What the client needed
The founders had a notebook demo but needed a production LLM pipeline with cost controls, human review, and staging parity before investor diligence.
How SparkScribe approached it
Before build, SparkScribe worked with AstroSure to translate their SaaS Product goals into an actionable plan - not an off-the-shelf template.
Discovery & planning
- Workshopped birth-chart, daily reading, panchang, kundli matching, and Agastya chat flows against latency and LLM cost targets.
- Prioritized admin-controlled prompt templates so product and content teams could iterate tone without redeploying code.
- Planned async generation, caching, and observability before scaling marketing - staging mirrored production early.
Our engagement covered Backend architecture, LLM integration, API design, Admin dashboard, Cloud deployment, Ongoing support - scoped in phases with staging parity and admin self-service so AstroSure could run day-to-day operations without waiting on engineering.
How we solved it
SparkScribe architected AstroSure as a modular Django platform with separate layers for user APIs, AI orchestration, and admin operations.
Backend and APIs
REST APIs cover user profiles, birth charts, daily readings, panchang data, compatibility matching, and the Ask Agastya chat experience. Redis caching and Celery workers handle repeat content and long-running generation without blocking requests.
LLM pipeline
Prompt templates, safety filters, and structured output parsing are managed through Django admin so the product team can iterate on tone and reading format without developer involvement for every copy change.
Operations
Role-based admin access, job monitoring, and feature flags gave the client visibility into usage and failed jobs from week one. We deployed on AWS with observability integrated early.
How we helped the client
AstroSure launched with a backend the team could operate independently. Daily readings and the Agastya chat experience became core retention drivers as the product scaled on web and mobile.

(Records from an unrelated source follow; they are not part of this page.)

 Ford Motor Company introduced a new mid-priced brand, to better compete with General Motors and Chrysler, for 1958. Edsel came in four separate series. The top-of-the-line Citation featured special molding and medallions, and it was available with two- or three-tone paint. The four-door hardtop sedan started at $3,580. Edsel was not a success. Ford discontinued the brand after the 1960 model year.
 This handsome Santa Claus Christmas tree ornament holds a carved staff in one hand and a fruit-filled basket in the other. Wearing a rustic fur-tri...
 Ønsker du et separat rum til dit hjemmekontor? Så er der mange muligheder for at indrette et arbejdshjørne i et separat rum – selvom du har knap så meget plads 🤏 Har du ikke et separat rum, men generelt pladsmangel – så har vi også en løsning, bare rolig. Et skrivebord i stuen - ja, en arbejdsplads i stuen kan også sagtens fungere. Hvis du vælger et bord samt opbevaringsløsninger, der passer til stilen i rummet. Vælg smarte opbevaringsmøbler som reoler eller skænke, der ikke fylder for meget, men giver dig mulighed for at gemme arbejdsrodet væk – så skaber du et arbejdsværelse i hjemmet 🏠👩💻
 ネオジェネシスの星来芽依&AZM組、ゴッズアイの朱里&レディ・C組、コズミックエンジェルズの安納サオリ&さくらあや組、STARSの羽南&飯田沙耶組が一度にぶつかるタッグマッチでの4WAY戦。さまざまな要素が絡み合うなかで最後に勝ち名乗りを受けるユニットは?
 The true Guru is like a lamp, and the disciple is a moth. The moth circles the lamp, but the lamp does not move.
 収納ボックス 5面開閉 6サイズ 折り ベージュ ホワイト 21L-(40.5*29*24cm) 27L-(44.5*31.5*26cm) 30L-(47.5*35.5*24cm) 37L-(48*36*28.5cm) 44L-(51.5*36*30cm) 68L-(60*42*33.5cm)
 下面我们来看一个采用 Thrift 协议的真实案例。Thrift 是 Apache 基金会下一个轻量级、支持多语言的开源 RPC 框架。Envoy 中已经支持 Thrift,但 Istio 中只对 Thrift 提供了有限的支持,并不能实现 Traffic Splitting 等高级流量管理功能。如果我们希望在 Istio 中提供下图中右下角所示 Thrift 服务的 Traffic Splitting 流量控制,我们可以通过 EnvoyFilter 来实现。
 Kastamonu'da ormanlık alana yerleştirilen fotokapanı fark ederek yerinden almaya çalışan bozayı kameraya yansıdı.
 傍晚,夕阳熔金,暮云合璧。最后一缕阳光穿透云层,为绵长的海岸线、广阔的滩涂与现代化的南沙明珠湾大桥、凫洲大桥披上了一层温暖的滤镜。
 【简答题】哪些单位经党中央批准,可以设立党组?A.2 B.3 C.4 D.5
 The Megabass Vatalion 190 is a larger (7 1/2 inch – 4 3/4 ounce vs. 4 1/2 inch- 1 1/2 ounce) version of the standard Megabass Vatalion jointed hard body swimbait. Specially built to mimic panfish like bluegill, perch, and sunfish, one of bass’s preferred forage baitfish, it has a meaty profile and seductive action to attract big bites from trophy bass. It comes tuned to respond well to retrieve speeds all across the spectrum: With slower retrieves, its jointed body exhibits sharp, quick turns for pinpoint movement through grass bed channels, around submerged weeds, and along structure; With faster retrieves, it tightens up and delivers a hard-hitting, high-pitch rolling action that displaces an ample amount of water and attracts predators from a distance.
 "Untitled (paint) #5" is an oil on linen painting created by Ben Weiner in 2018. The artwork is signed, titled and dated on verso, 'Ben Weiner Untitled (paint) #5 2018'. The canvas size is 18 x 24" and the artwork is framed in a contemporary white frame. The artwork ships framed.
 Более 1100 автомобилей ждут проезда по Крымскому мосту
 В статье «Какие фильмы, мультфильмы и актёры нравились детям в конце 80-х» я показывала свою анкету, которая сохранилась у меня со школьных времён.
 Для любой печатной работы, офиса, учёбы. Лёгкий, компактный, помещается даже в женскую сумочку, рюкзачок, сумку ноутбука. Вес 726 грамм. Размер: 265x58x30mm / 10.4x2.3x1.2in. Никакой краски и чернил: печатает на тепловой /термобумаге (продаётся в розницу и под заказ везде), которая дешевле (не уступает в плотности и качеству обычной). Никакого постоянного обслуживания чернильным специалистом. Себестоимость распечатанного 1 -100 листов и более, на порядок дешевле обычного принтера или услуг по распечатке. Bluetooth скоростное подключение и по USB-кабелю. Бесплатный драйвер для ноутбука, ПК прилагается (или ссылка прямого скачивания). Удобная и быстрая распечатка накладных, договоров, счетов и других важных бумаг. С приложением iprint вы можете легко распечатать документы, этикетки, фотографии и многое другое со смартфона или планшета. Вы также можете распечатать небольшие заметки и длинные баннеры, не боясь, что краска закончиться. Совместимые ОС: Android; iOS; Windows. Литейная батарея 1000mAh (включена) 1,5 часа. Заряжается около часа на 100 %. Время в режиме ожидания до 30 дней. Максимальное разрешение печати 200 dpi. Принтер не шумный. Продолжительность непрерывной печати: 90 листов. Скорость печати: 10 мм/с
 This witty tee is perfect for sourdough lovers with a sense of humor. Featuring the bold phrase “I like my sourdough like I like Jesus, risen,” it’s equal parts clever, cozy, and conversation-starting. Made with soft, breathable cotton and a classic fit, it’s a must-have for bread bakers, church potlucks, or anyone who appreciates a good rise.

- Speed to iterate: Product and content teams adjust prompts and copy through admin without redeploying for most changes.
- Reliable delivery: Async workers and caching improved perceived response time for daily content and chat flows.
- Production readiness: Auth, subscriptions, and moderation paths were in place before major marketing pushes.
- Ongoing partnership: SparkScribe continues performance tuning and feature development as usage grows.
Technologies we used
Technologies we used
- Python
- Django
- OpenAI
- PostgreSQL
- Redis
- Celery
- React
- AWS
How we applied the stack
Django REST APIs power web and mobile clients. OpenAI sits behind structured prompt pipelines with safety filters and admin-managed templates. PostgreSQL stores users, charts, and subscriptions; Redis caches repeat content; Celery workers handle long-running generation. React delivers the consumer experience; AWS hosts production with monitoring integrated from the first release.